An optical circulator is a three- or four-port optical device designed such that light entering any port exits from the next. This means that if light enters port 1 it is emitted from port 2, but if some of the emitted light is reflected back to the circulator, it does not come out of port 1 but instead exits from port 3. This is analogous to the operation of an electronic circulator. Fiber-optic circulators are used to separate optical signals that travel in opposite directions in an optical fiber, for example to achieve bi-directional transmission over a single fiber. Because of their high isolation of the input and reflected optical powers and their low insertion loss, optical circulators are widely used in advanced fiber-optic communications and fiber-optic sensor applications.
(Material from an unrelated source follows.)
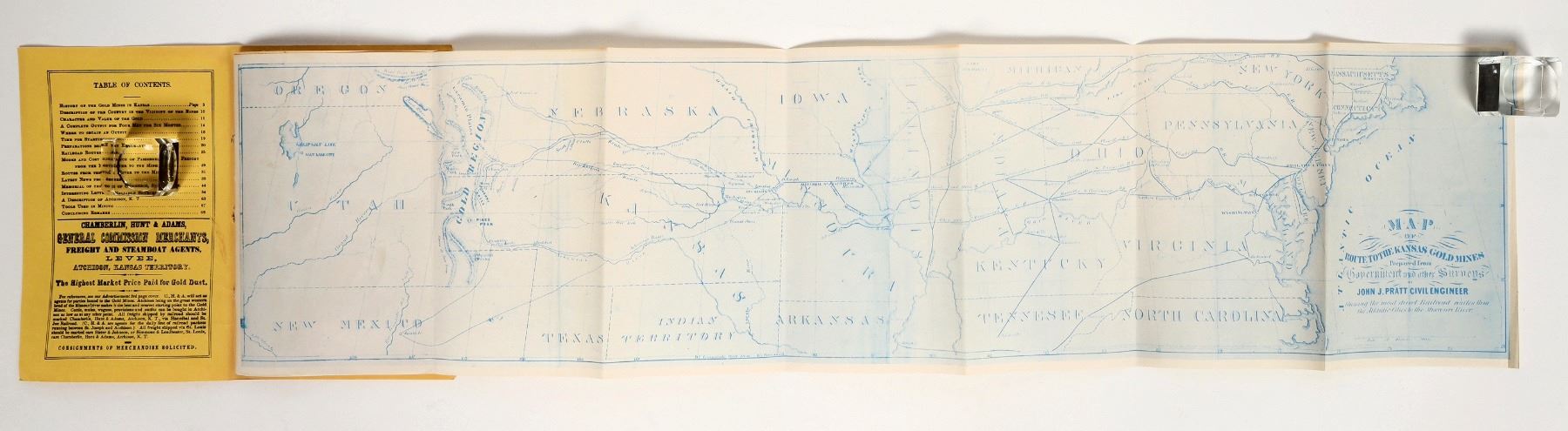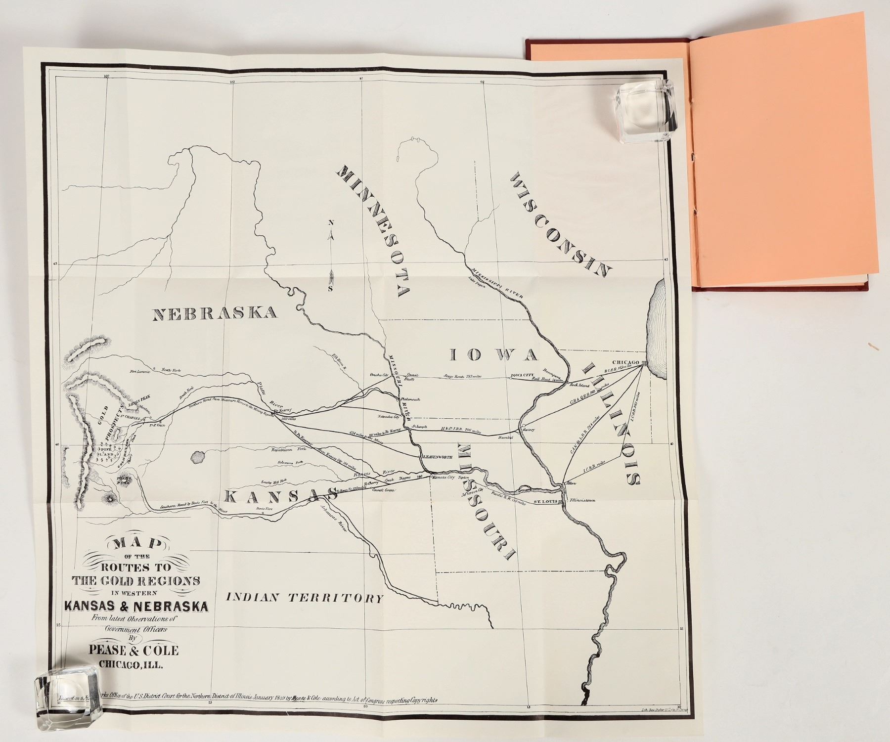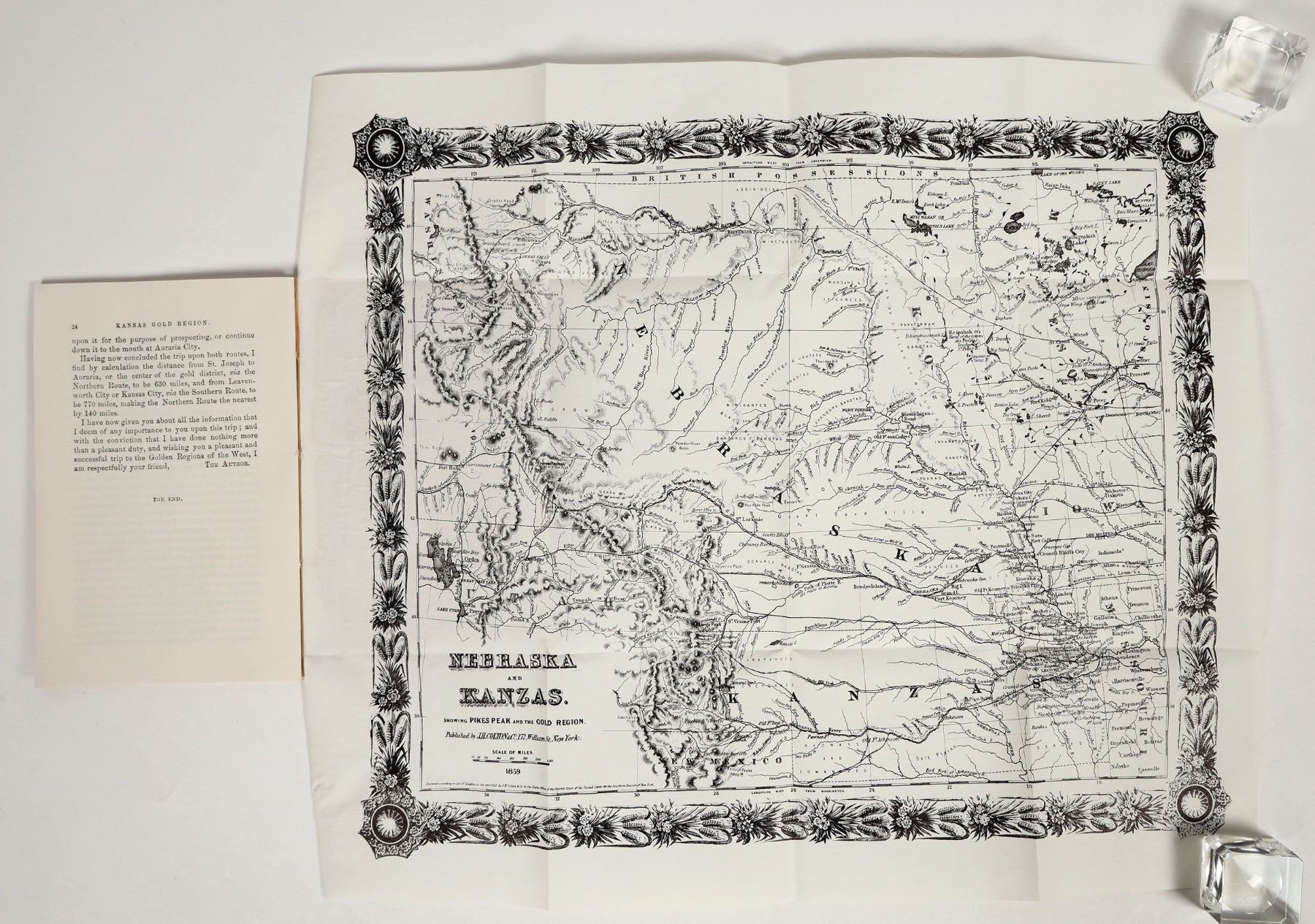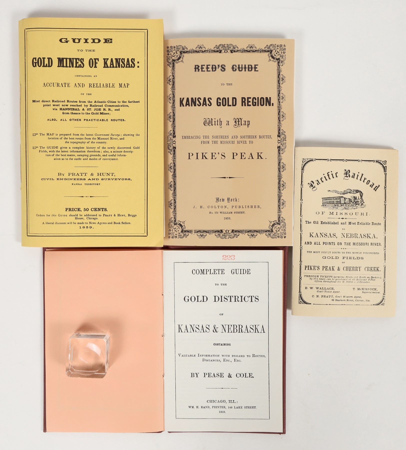 Gold rush pioneer's guidebooks for traveling, including a packing list, terrain descriptions, game of the area, distances from camp to camp, general travel advice and more. Includes paper-cover guides to the Kansas Gold Region (travel), Gold Mines of Kansas, Pacific Railroad travel routes to Kansas/Nebraska, and a hardcover Gold Field fold-out map measuring 17x18" in b/w. Booklets are approximately 5x7" or smaller, with 17x14.5" or narrower dimension fold-out maps glued to the covers of the paperback books. Come in 4 cardboard boxes lined with woodgrain pattern paper, 6x9x1.25" (about the size of a VHS cover). Labels do not match contents. Booklets/maps in good condition. Woodgrain paper is peeling at edges/corners. See photo.

Optical circulators are non-reciprocal optics, which means that changes in the properties of light passing through the device are not reversed when the light passes through in the opposite direction. This can only happen when the symmetry of the system is broken, for example by an external magnetic field. A Faraday rotator is another example of a non-reciprocal optical device, and indeed it is possible to construct an optical circulator based on a Faraday rotator.

==History==
In 1965, Ribbens reported an early form of optical circulator that utilized a Nicol prism with a Faraday rotator. With the advent of fiber and guided-wave optics, waveguide-integrable and polarization-independent optical circulators were later introduced. The concept was later extended to silicon photonic waveguide systems. In 2016, Scheucher et al. have demonstrated a fiber-integrated optical circulator whose nonreciprocal behavior originated from the chiral interaction between a single ^{85}Rb atom and the confined light in a whispering-gallery mode microresonator. The routing direction of the device is controlled by the internal quantum state of the atom and the device is able to route individual photons.

In 2013, Davoyan and Engheta proposed a nanoscale plasmonic Y-circulator based on three dielectric waveguides interconnected with a magneto-optical junction with plasmonic nanorods.